FIG. 14 is a diagram illustrating an example of VM-specific information and hash values.
For example, when the VM 201 is created and started on the physical machine 200, the VM 201 acquires the VM specific information 81 of the VM 201 from the physical machine 200a.

For example, the above-mentioned vmID can be used as the VM specific information 81. The size of vmID is, for example, 36 bytes.
The VM 201 provides the management server 100 with VM-specific information 81. Then, the hash value calculation unit 130 calculates a hash value 82 based on the VM-specific information 81. When using MD5 as the hash function, for example, a 128-bit hash value 82 is obtained from the VM specific information 81. In FIG. 14, a hash value 82 is represented by 32 hexadecimal numbers.

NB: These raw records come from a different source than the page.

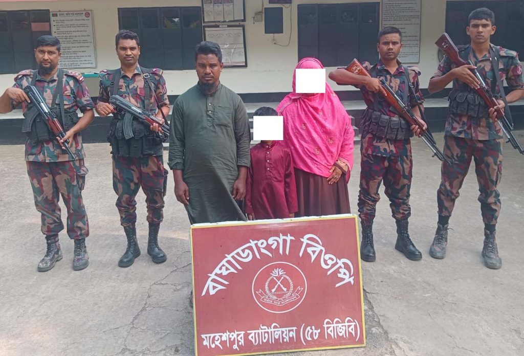 ভারত থেকে অবৈধভাবে বাংলাদেশে অনুপ্রবেশের সময় ৪ নারী-পুরুষকে আটক করা হয়েছে। গত দুই দিনে বিজিবি মহেশপুর সীমান্তে পৃথক দুটি অভিযানে তাদেরকে আটক করে। এদের মধ্যে ২ জন নারী, ১ জন পুরুষ ও ১ জন শিশু। এছাড়াও পৃথক আরো ৫টি অভিযানে ফেন্সিডিল, সিরাপ ও মদ উদ্ধার করা হয়েছে।
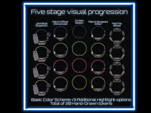 This is a perfect set to fill your token-library with, to flesh out your Night City into more vibrant, immersive experience! You can find 20 hand-drawn bordered-tokens with unique design fitting for your Police Forces! You will also find our latest roster of tokens for the Criminal elements of the City, from the lowliest scum to the toughest Ring Leaders!
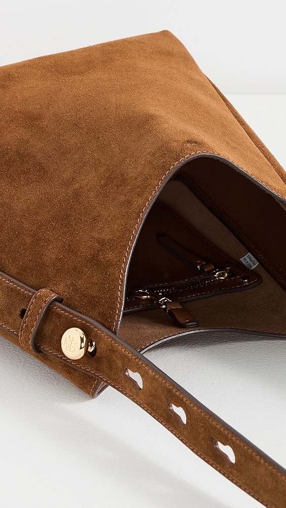 Pebbled cowhide Gold-tone hardware Drawstring top Optional adjustable crossbody strap Lining: Suede Weight: 16oz / 0.45kg Imported, Philippines Style #TORYB50991

Note that as the VM specific information 81, information other than vmID can be used as described above. For example, the VM specific information 81 may be a combination of a subscription ID, a resource group name, and a VM name. Further, the VM specific information 81 may be a resource ID. Among the combination of subscription ID, resource group name, and VM name, resource ID, and vmID that are candidates for the VM-specific information 81, the amount of information of vmID may be the smallest. Furthermore, instead of the vmID described above, an instance ID may also be used as identification information that globally uniquely identifies a VM. The size of the instance ID may be about 17 bytes.

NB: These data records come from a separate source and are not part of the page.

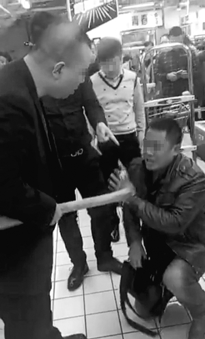 昨天,一段視頻在網(wǎng)上被熱議。“再不松開(kāi)把你腿削折了”,一棕色外套男子被逼跪在地上,抱著收銀臺(tái)附近的欄桿連連承諾“再不來(lái)了”。另外兩個(gè)大漢在旁拖拽他,其中一人用木棒打向男子,另一人在旁邊踢了該男子一腳,并威脅道:“再來(lái)讓你沒(méi)命”(如圖)。
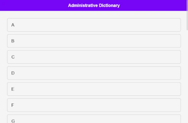 User-Friendly Interface: Navigate through our administrative dictionary effortlessly with a clean, easy-to-use design. Finding the right term has never been simpler.
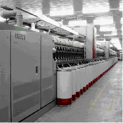 BT904轉(zhuǎn)杯紡紗機(jī)生產(chǎn)的ROTONA彈力包芯紗,可以用于襪類織物、游泳衣、運(yùn)動衣、內(nèi)衣、系帶類及裝飾織物。這種轉(zhuǎn)杯復(fù)合紗的生產(chǎn)同樣具有轉(zhuǎn)杯紡紗的優(yōu)點(diǎn),即工序短,速度、產(chǎn)量高,大卷裝,適紡原料廣,如棉、滌綸、粘膠等純紡和混紡,而且紗線結(jié)構(gòu)穩(wěn)定。
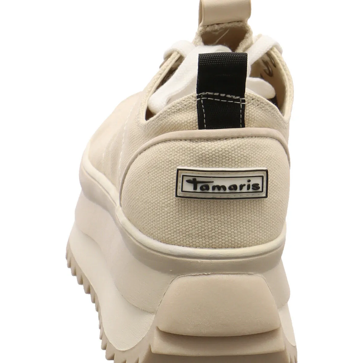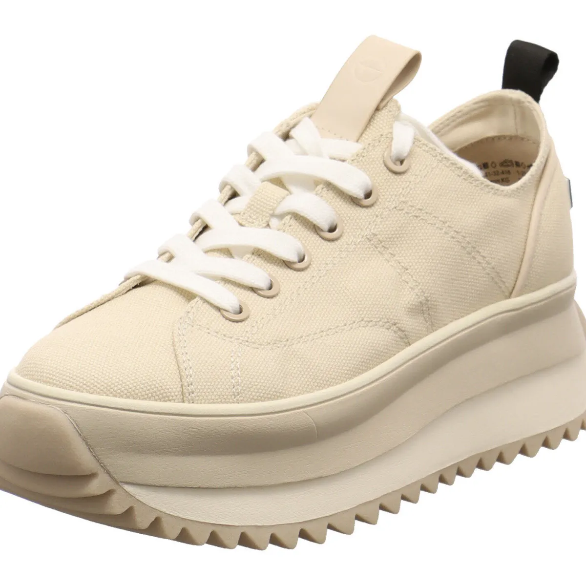 Das absolute Highlight ist die 5,5 cm dicke Plateausohle in Beige und das besondere Profil der Laufsohle. Abgerundet wird das Design durch Ziernähte, die Schnürung in Beige und das Tamaris Markenlogo an der Ferse. DasTextilband am Schaft in Schwarz ist eine tolle Einstiegshilfe und durch die Schnürung kann der Sneaker individuell an den Fuß angepasst werden. Durch das softe Touch It Fußbett, welches sich nach kurzer Tragedauer an den Fuß anpasst, ist der Schuh sehr komfortabel zu tragen.

FIG. 15 is a diagram showing an example of converting a hash value into a time.
The hash value range 90 is the range of values that the hash value determined by MD5 can take. In FIG. 15, the hash value is represented by 32 hexadecimal numbers. The number of hash values included in the hash value range 90 is 2^128.

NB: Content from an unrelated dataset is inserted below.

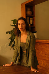 The muted olive hue, paired with the timeless checkered pattern, exudes a relaxed yet polished vibe, ideal for layering over neutral shades or pairing with bold accents. The floral details on the pockets and placket give it just the right amount of softness. Paired here with Olive Branch Skirt.

Here, one week is 604,800 seconds. Therefore, the conversion unit 140 divides the hash value range 90, which includes 2^128 hash values, into 604,800 sub-ranges, and divides each sub-range into a time starting from 0:00:00 on Sunday. map to. The number of hash values belonging to one subrange is 2^128/604,800=5.6*10^32.

For example, the conversion unit 140 associates the first sub-range including the minimum value of the hash value range 90 with Sunday 0:00:00, the next sub-range with Sunday 0:00:01,... In this way, hash values belonging to each sub-range are associated with time. The converting unit 140 may associate the times so that the hash value becomes earlier in order, or it may associate the times so that the hash value becomes earlier in order.

Here, the number of VMs whose access privileges to the cloud storage 4 are managed by the management server 100 is a, the time required for a transaction for one access privilege update request is b, and the number of update requests accepted by the management server 100 is Let c be the number of parallel lines.

Then, the total time required for exchanges regarding the access authority update request between a VMs and the management server 100 is ab/c. For example, if a=10000, c=1, and b=10 seconds, the total required time is 100,000 seconds.

FIG. 16 is a diagram illustrating an example of request distribution.
FIG. 16(A) shows an example in which requests from VMs are appropriately distributed. The example in FIG. 16A is a case where each VM transmits an access authority update request at an update time determined by the management server 100 using a hash value of VM-specific information.

The update request group rq1 is 10,000 update requests sent from 10,000 VMs. In the example of FIG. 16A, each VM sends an access authority update request to the management server 100 at almost non-overlapping timings at each time of one week (604,800 seconds).

FIG. 16(B) shows an example in which requests from VMs are not appropriately distributed. FIG. 16(B) is a comparative example of FIG. 16(A). The example in FIG. 16B is a case where each VM transmits an access authority update request at a time determined without using the hash value of VM-specific information.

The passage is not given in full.